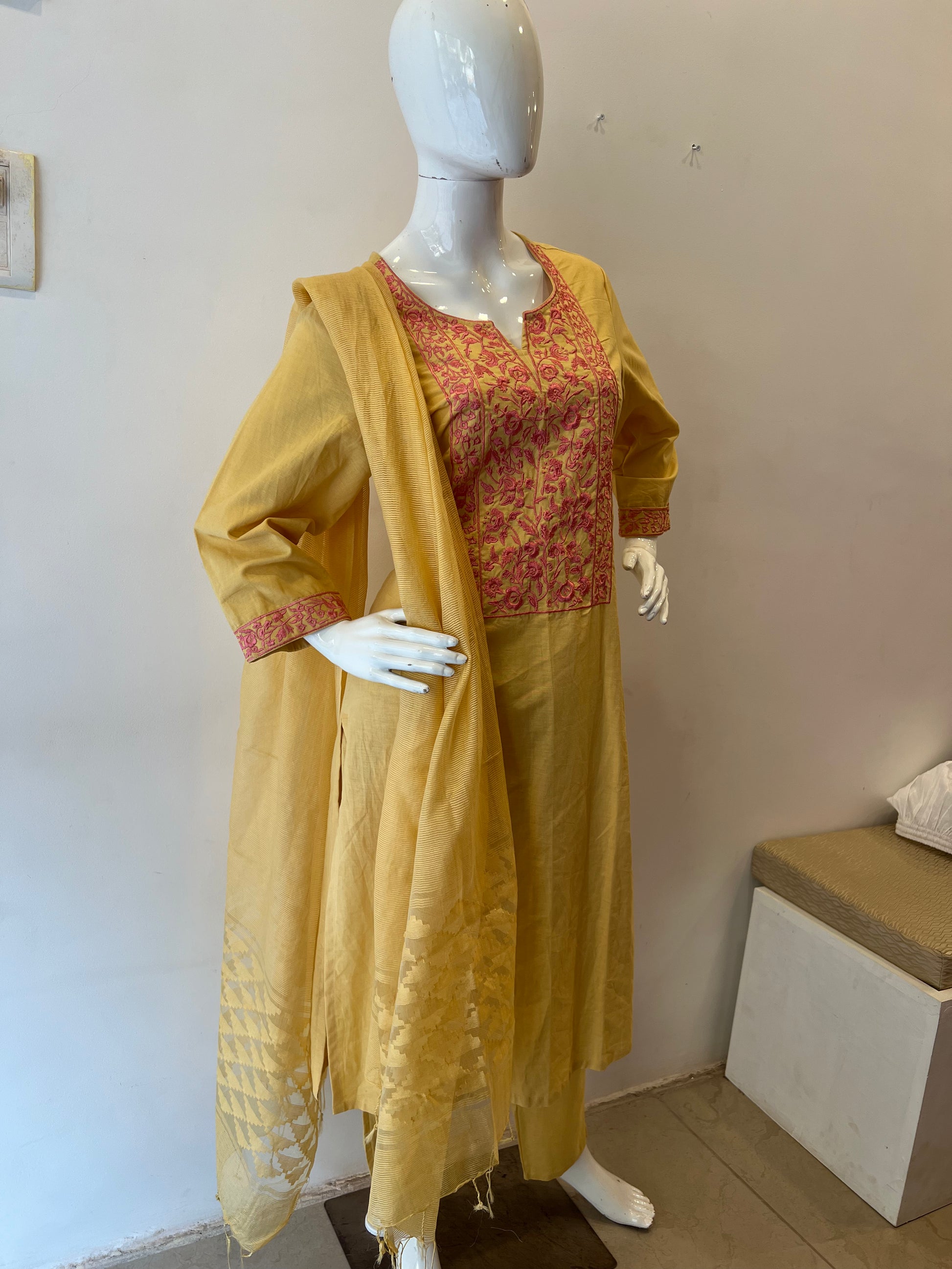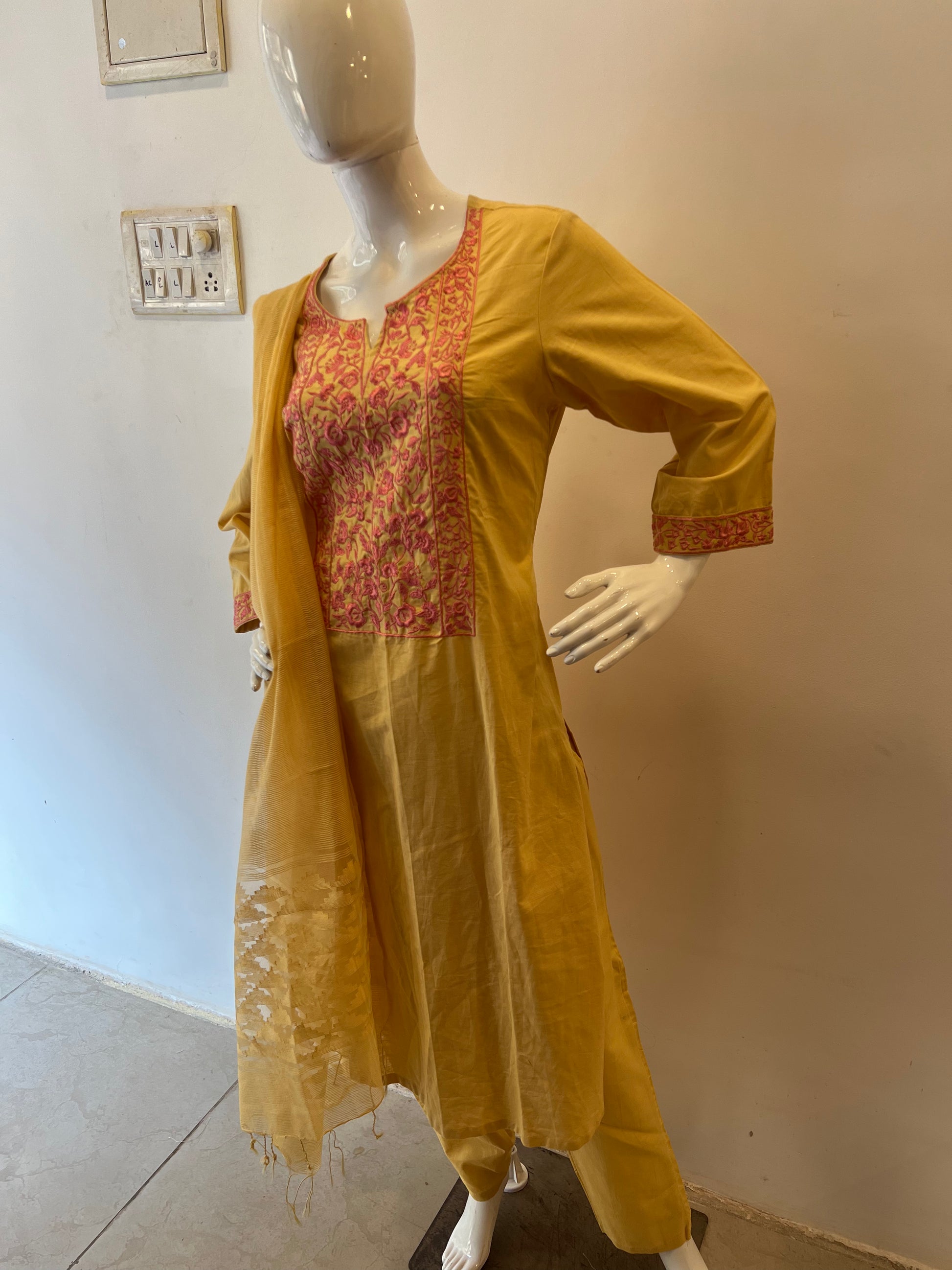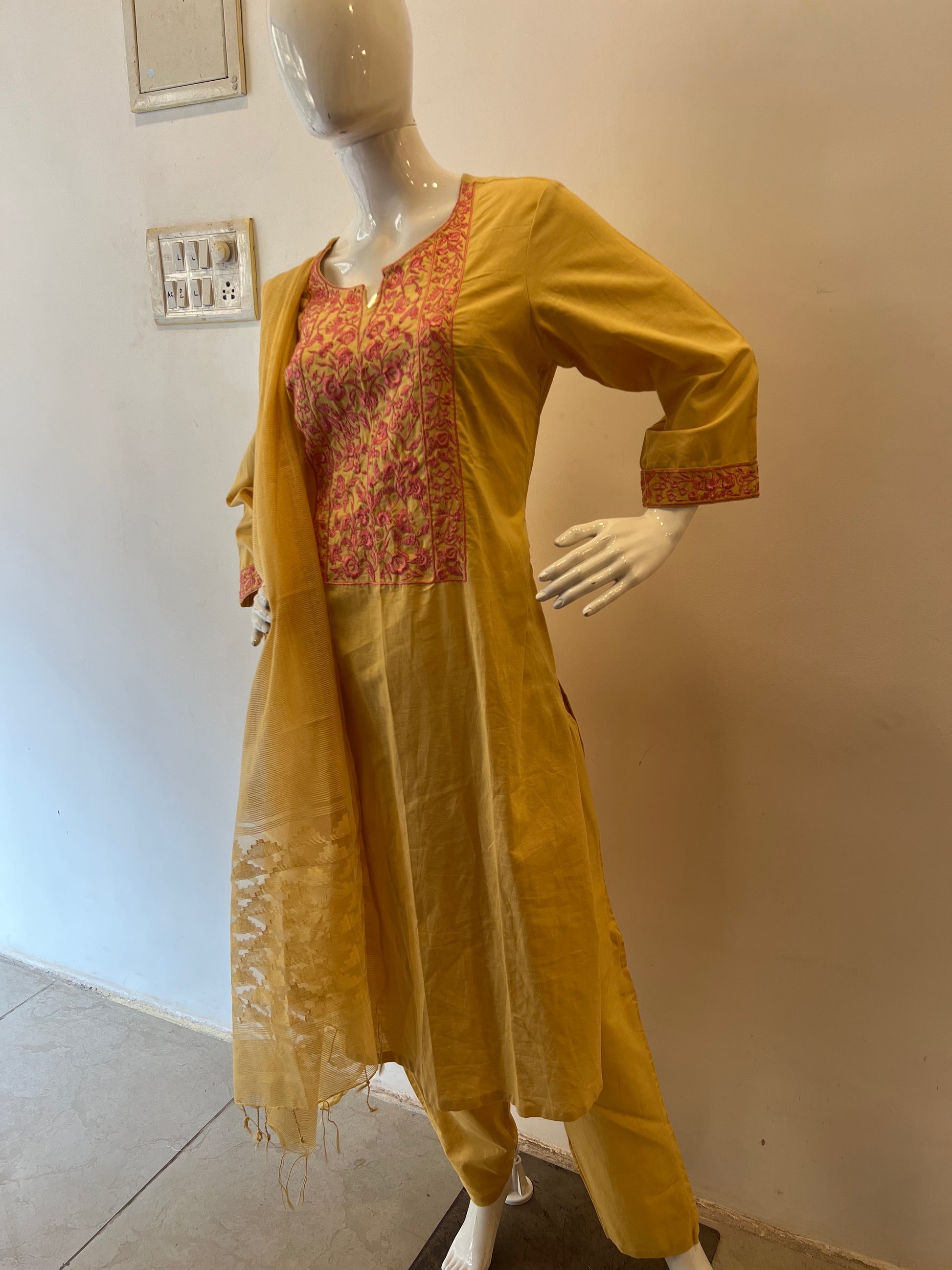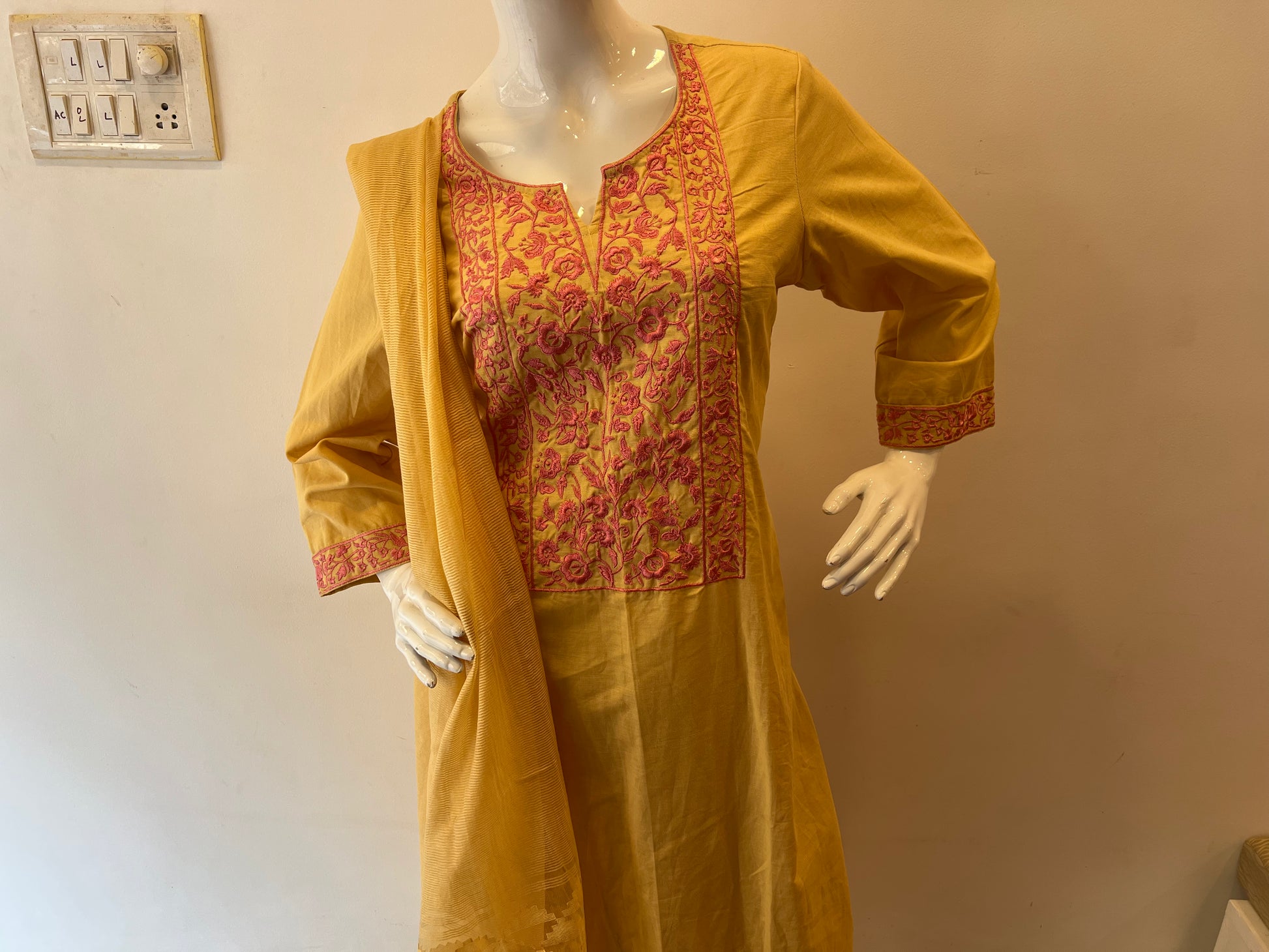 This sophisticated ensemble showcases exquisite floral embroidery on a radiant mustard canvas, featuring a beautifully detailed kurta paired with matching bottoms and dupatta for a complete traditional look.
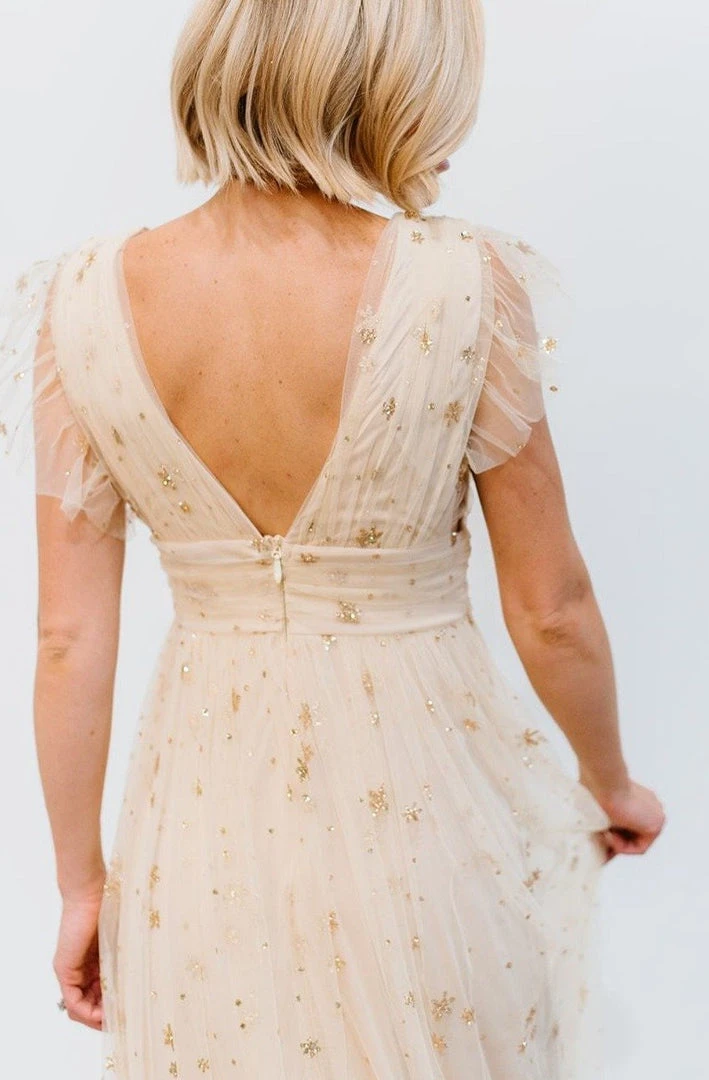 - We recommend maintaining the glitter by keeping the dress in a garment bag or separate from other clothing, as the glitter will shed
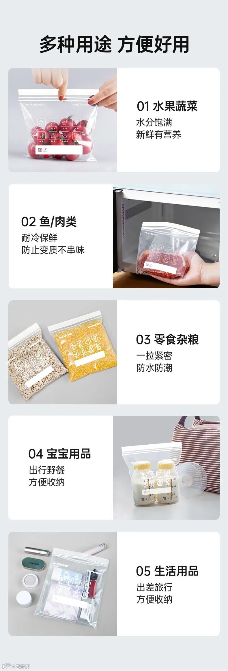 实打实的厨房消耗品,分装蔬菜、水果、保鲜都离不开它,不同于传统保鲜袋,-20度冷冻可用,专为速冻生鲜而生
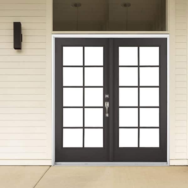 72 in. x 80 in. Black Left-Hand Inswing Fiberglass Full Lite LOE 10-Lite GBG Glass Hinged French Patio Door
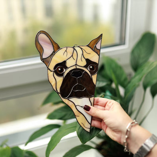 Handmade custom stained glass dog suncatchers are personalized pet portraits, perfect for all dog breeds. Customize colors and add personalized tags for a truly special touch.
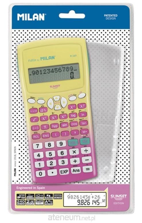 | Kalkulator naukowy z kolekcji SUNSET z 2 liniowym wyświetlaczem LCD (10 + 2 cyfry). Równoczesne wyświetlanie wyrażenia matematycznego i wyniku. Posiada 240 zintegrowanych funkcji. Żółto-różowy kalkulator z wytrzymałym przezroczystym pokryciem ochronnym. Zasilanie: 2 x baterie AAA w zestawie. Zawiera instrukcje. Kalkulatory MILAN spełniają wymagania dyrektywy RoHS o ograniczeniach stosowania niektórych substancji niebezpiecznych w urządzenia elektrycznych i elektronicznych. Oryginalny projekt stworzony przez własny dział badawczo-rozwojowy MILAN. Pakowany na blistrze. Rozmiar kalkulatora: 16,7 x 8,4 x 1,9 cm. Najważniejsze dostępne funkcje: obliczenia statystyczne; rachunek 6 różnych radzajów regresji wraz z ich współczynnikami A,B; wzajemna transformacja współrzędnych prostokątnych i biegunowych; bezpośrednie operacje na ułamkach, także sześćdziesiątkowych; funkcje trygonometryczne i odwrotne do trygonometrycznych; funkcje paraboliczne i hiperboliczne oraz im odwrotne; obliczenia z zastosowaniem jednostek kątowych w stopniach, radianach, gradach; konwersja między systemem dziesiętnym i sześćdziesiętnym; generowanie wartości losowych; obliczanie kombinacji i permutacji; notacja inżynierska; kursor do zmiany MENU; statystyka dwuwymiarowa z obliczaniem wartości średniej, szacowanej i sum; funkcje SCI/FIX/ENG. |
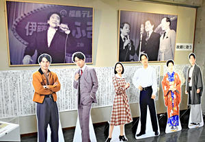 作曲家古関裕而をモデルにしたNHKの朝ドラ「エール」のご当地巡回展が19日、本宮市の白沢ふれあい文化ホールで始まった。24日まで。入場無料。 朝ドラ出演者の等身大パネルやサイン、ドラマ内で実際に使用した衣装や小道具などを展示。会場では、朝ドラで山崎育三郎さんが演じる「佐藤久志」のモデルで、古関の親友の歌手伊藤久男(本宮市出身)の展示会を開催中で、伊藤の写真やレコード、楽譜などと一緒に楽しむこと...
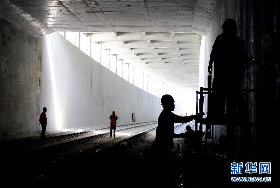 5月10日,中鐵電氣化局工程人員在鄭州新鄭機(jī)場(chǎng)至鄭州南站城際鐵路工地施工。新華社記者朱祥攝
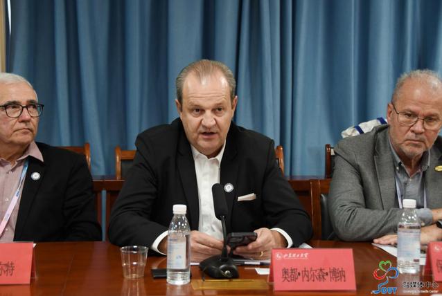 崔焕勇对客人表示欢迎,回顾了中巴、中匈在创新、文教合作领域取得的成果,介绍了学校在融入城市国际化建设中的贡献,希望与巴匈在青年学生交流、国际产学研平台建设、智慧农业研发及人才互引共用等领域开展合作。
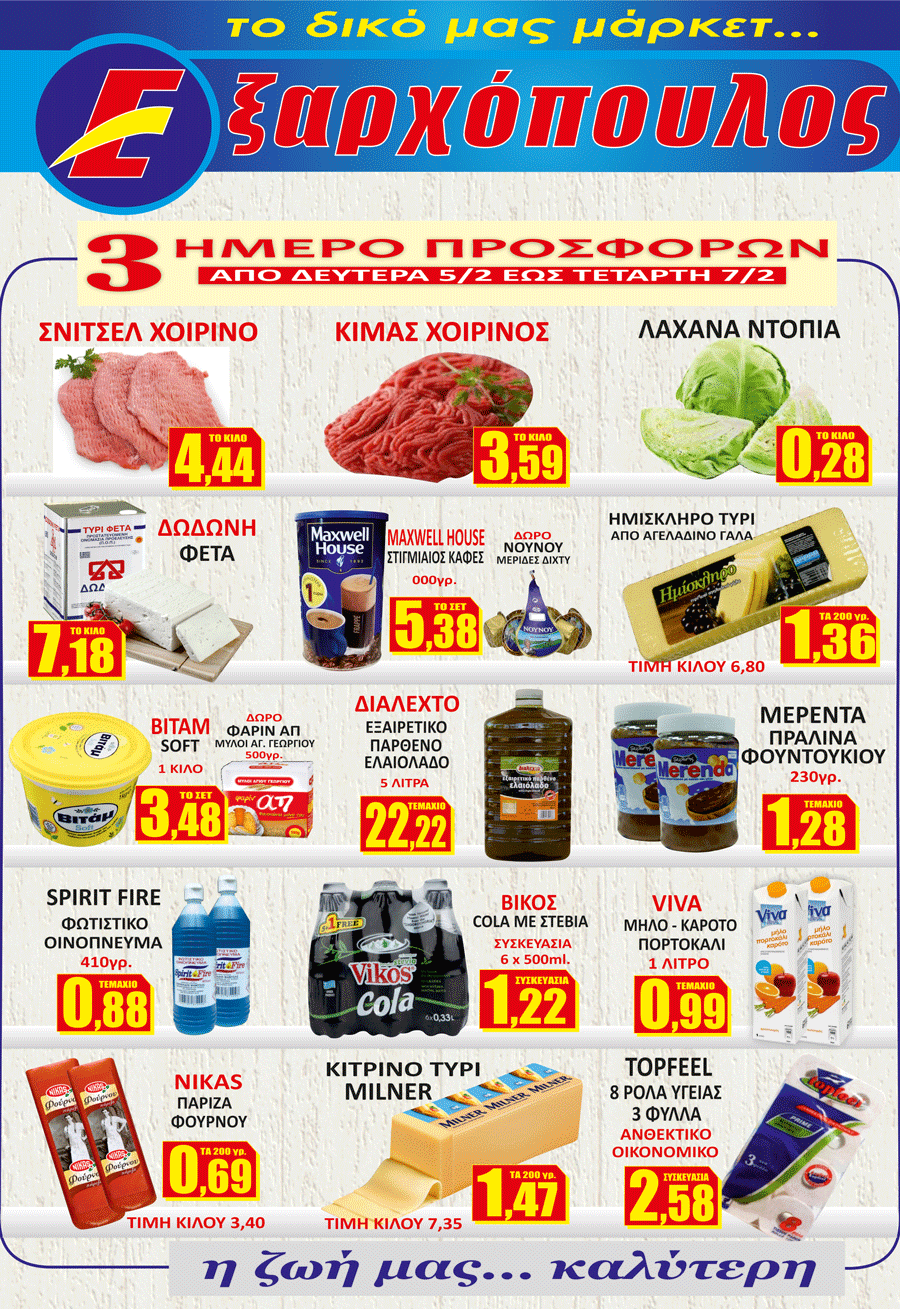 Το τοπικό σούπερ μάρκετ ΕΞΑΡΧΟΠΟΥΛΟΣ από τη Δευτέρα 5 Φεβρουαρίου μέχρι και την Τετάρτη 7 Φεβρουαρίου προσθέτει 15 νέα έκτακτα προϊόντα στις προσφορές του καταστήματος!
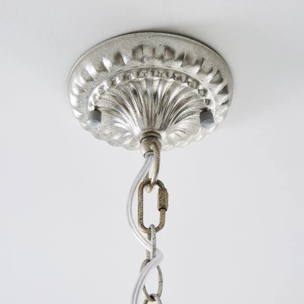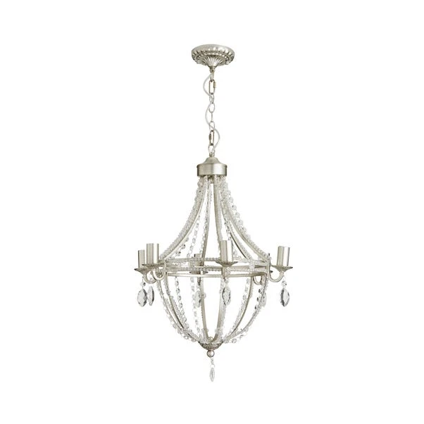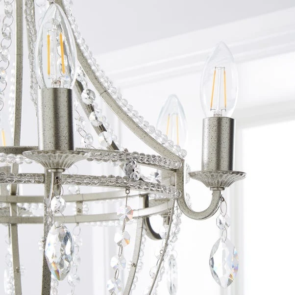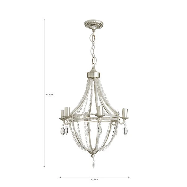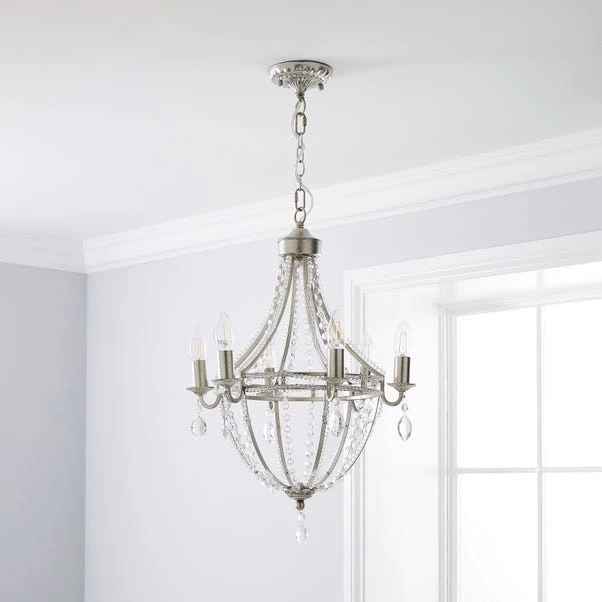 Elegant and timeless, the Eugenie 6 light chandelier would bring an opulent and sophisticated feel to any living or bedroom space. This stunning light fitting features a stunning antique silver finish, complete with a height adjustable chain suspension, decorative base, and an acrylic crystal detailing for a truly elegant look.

- - -

Problem details – Reproduce the data above exactly, leaving each picture out.

Answer to the problem –
 This sophisticated ensemble showcases exquisite floral embroidery on a radiant mustard canvas, featuring a beautifully detailed kurta paired with matching bottoms and dupatta for a complete traditional look.
 - We recommend maintaining the glitter by keeping the dress in a garment bag or separate from other clothing, as the glitter will shed
 实打实的厨房消耗品,分装蔬菜、水果、保鲜都离不开它,不同于传统保鲜袋,-20度冷冻可用,专为速冻生鲜而生
 72 in. x 80 in. Black Left-Hand Inswing Fiberglass Full Lite LOE 10-Lite GBG Glass Hinged French Patio Door
 Handmade custom stained glass dog suncatchers are personalized pet portraits, perfect for all dog breeds. Customize colors and add personalized tags for a truly special touch.
 | Kalkulator naukowy z kolekcji SUNSET z 2 liniowym wyświetlaczem LCD (10 + 2 cyfry). Równoczesne wyświetlanie wyrażenia matematycznego i wyniku. Posiada 240 zintegrowanych funkcji. Żółto-różowy kalkulator z wytrzymałym przezroczystym pokryciem ochronnym. Zasilanie: 2 x baterie AAA w zestawie. Zawiera instrukcje. Kalkulatory MILAN spełniają wymagania dyrektywy RoHS o ograniczeniach stosowania niektórych substancji niebezpiecznych w urządzenia elektrycznych i elektronicznych. Oryginalny projekt stworzony przez własny dział badawczo-rozwojowy MILAN. Pakowany na blistrze. Rozmiar kalkulatora: 16,7 x 8,4 x 1,9 cm. Najważniejsze dostępne funkcje: obliczenia statystyczne; rachunek 6 różnych radzajów regresji wraz z ich współczynnikami A,B; wzajemna transformacja współrzędnych prostokątnych i biegunowych; bezpośrednie operacje na ułamkach, także sześćdziesiątkowych; funkcje trygonometryczne i odwrotne do trygonometrycznych; funkcje paraboliczne i hiperboliczne oraz im odwrotne; obliczenia z zastosowaniem jednostek kątowych w stopniach, radianach, gradach; konwersja między systemem dziesiętnym i sześćdziesiętnym; generowanie wartości losowych; obliczanie kombinacji i permutacji; notacja inżynierska; kursor do zmiany MENU; statystyka dwuwymiarowa z obliczaniem wartości średniej, szacowanej i sum; funkcje SCI/FIX/ENG. |
 作曲家古関裕而をモデルにしたNHKの朝ドラ「エール」のご当地巡回展が19日、本宮市の白沢ふれあい文化ホールで始まった。24日まで。入場無料。 朝ドラ出演者の等身大パネルやサイン、ドラマ内で実際に使用した衣装や小道具などを展示。会場では、朝ドラで山崎育三郎さんが演じる「佐藤久志」のモデルで、古関の親友の歌手伊藤久男(本宮市出身)の展示会を開催中で、伊藤の写真やレコード、楽譜などと一緒に楽しむこと...
 5月10日,中鐵電氣化局工程人員在鄭州新鄭機(jī)場(chǎng)至鄭州南站城際鐵路工地施工。新華社記者朱祥攝
 崔焕勇对客人表示欢迎,回顾了中巴、中匈在创新、文教合作领域取得的成果,介绍了学校在融入城市国际化建设中的贡献,希望与巴匈在青年学生交流、国际产学研平台建设、智慧农业研发及人才互引共用等领域开展合作。
 Το τοπικό σούπερ μάρκετ ΕΞΑΡΧΟΠΟΥΛΟΣ από τη Δευτέρα 5 Φεβρουαρίου μέχρι και την Τετάρτη 7 Φεβρουαρίου προσθέτει 15 νέα έκτακτα προϊόντα στις προσφορές του καταστήματος!
 Elegant and timeless, the Eugenie 6 light chandelier would bring an opulent and sophisticated feel to any living or bedroom space. This stunning light fitting features a stunning antique silver finish, complete with a height adjustable chain suspension, decorative base, and an acrylic crystal detailing for a truly elegant look.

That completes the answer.